I find a bag of money!!!
It is a clear plastic bag, of the sort that they give you in banks. I pick it up from beneath the pile of household bills, where it had been hidden.
There are some notes in there, and many coins. I study the bag in puzzlement.
“Is this your money?” I ask the LTLP, who has arrived in the kitchen to check that I am not doing something that I shouldn’t.
The LTLP denies all knowledge of the money, and is as confused as I am. We don’t use bank bags, and certainly won’t have mislaid forty-five quid without noticing.
“Whose could it be?” she asks.
“It is like some weird reverse burglary,” I ponder. “Have we lost anything to the value of about forty-five pounds? That somebody could have paid us for, without us knowing?” It seems unlikely.
We go through a mental list of people who have visited the Cottage in the past couple of weeks, and whether they would have been anywhere near our pile of household bills. My sister, RonnieB, seems the most likely suspect.

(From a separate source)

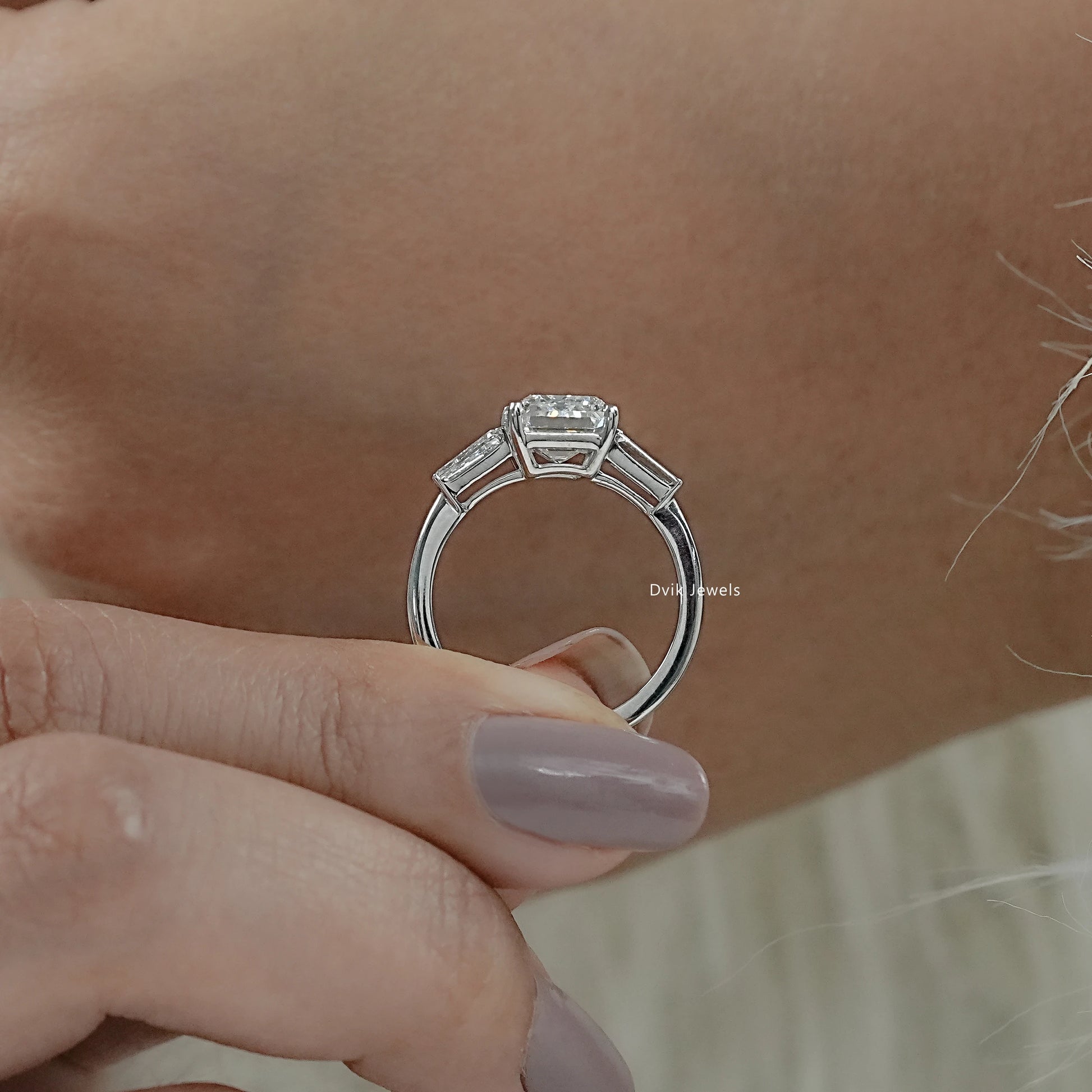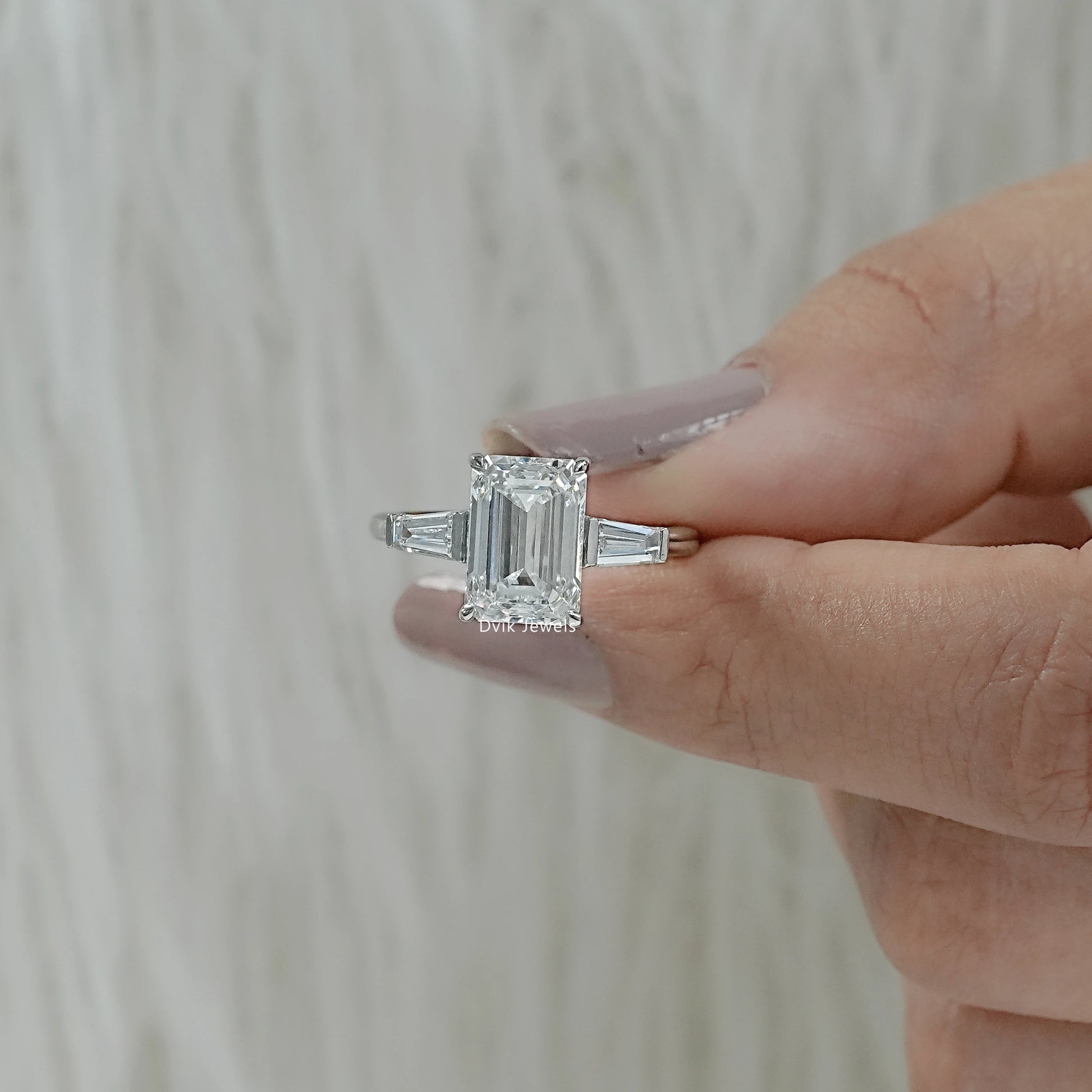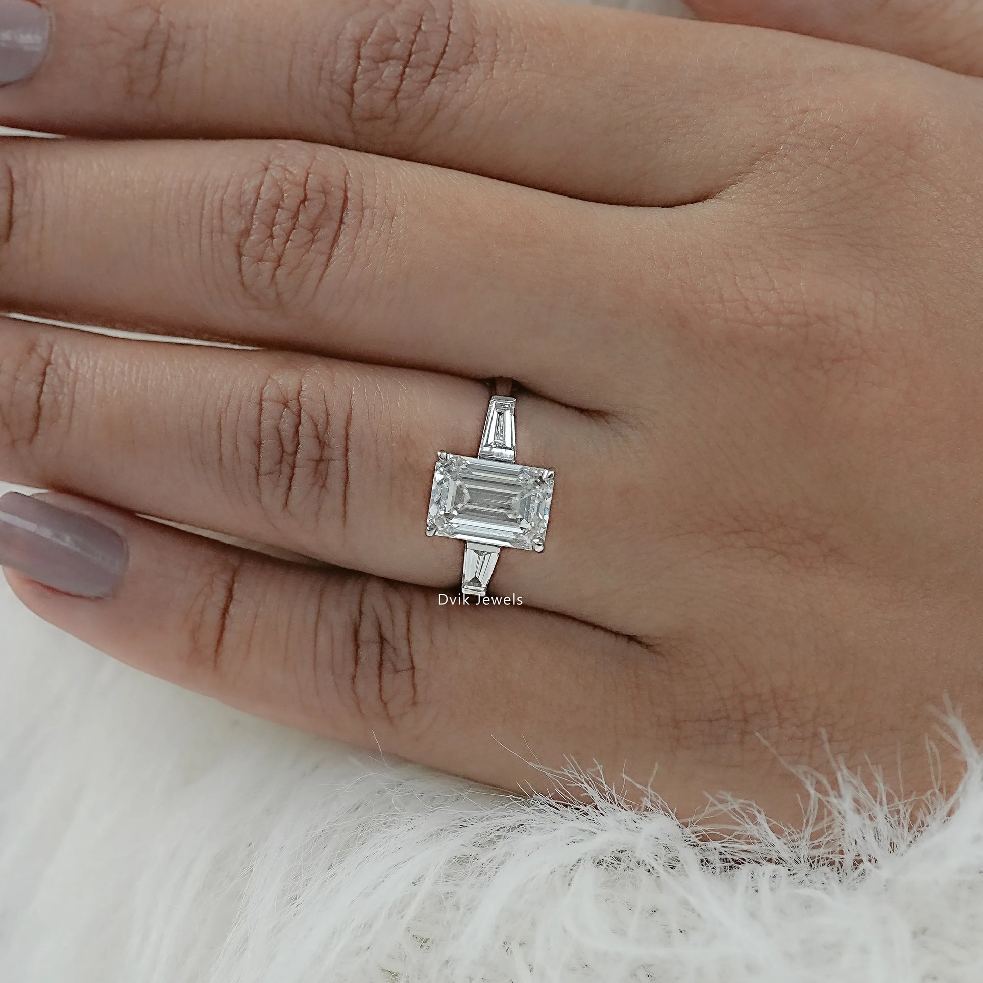 Emerald Cut Lab Diamond Tapered Baguette Side Stone Ring

“Did you lose any money when you visited?” I ask her, using the telephone.
“Yes! I did!” she replies.
“How much?” I demand.
“It was – umm – about two hundred pounds?” she replies.
I put the phone down, and park myself in an armchair to consider the problem. Having always been a fan of the Sherlock Holmes books, apart from ‘The Engineer’s Thumb,’ this is my opportunity to follow the methods of the great detective. It is not often that the normal layperson is presented with this sort of opportunity! I do not have any cocaine to hand, so I pour myself another glass of wine and have a quick strum on the banjo.

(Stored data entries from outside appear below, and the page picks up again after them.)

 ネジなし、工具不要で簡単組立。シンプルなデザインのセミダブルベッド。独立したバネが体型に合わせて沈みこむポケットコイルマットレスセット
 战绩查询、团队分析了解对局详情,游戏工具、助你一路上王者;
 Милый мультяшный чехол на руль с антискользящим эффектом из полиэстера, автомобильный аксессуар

The bag is clear, and contains money. What am I seeing but not observing? Before too long, I start to get into the Holmsean mindset.
“Sniff this,” I request. “Would you say that the bag was the property of a smoker?”

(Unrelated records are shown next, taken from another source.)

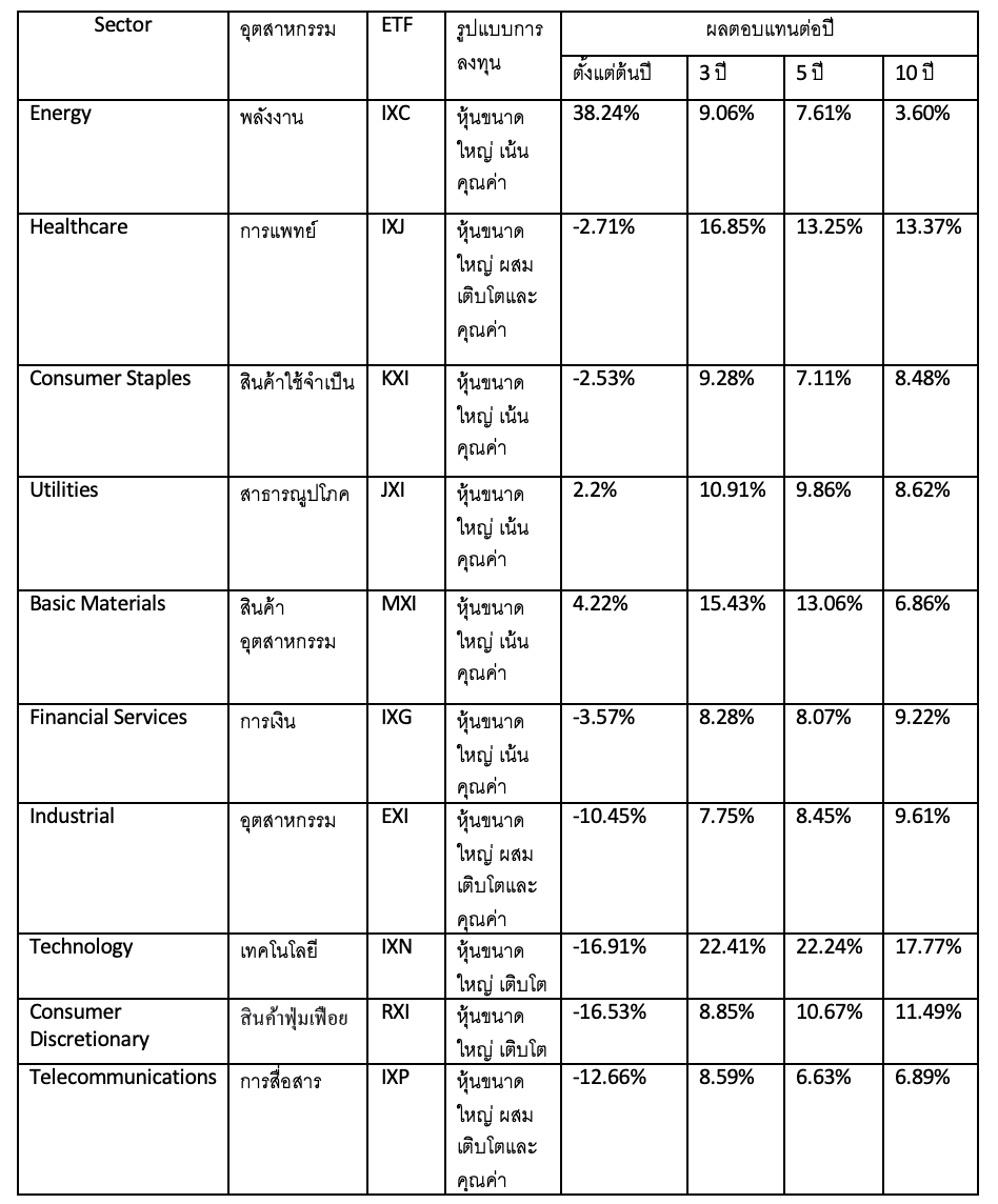 ผมขอใช้ ETF ของค่าย ishare เป็นตัวอ้างอิงจะสรุปข้อมูลแต่ละ Sector ดังนี้
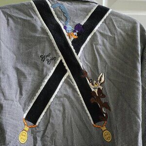 Vintage Warner Bros Looney Tunes Plaid Embroidered Suspenders Button Down Top
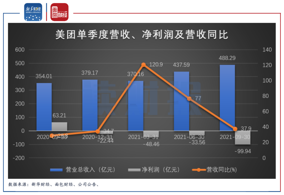 除了增速放緩,美團面臨的更為嚴重問題是凈利潤虧損巨大。數(shù)據(jù)顯示,公司第三季度虧損99.94億元,創(chuàng)單季度虧損新高。

The LTLP smells the bag. “No,” she says.
“Oh. I thought it was,” I reply. Already we have had a breakthrough and established that the money may, or may not, have belonged to a smoker.
“We don’t use bags like this,” I say. “The only time where we might have a bank bag is if we were going on holiday and had some foreign money. Maybe we then transferred the foreign money to our pockets, swapping it with the English money?”
“When, precisely?”
I open the bag with forensic hands. Carefully, I take each note and coin and examine their dates, one by one. When I am done, I announce my findings. “The newest coin in here is from 2008. So the bag has lain there no longer than that. Where that’s foreign have we been on holiday since 2008?”
“But I tidied up that shelf last week,” she replies. I am a little disappointed that she is not more impressed with my timeframe deductions.
I ponder some more. I am seeing, but not observing. Seeing, but not observing. The coins are of mixed denominations, and so don’t fit the profile of raffle ticket money, or a float for a market stall. The answer, I am sure, is in the bag.
“Let’s work through the case slowly,” I say. “You have a bag like this for one of two reasons. Firstly, if you get an exact quantity of money from the bank. But the coins in here are mixed, so it is not that. Secondly, if you have money that you want to keep separate from your other money, because it has some significance or something.”
I clasp my hands together as my brain works overtime.
“I’ve got it!” I shout triumphantly. And I have – I really have solved the mystery. “It’s my money. John Twonil gave it to me on Thursday as my share of the snooker club funds.” She stares at me. “I was a bit pissed at the time,” I add.
I wave the money around, happily. “You see? By following the methods of Sherlock Holmes, it’s possible to solve any problem.”
“You do not need to follow the methods of Sherlock Holmes when it is your own fucking money,” she replies.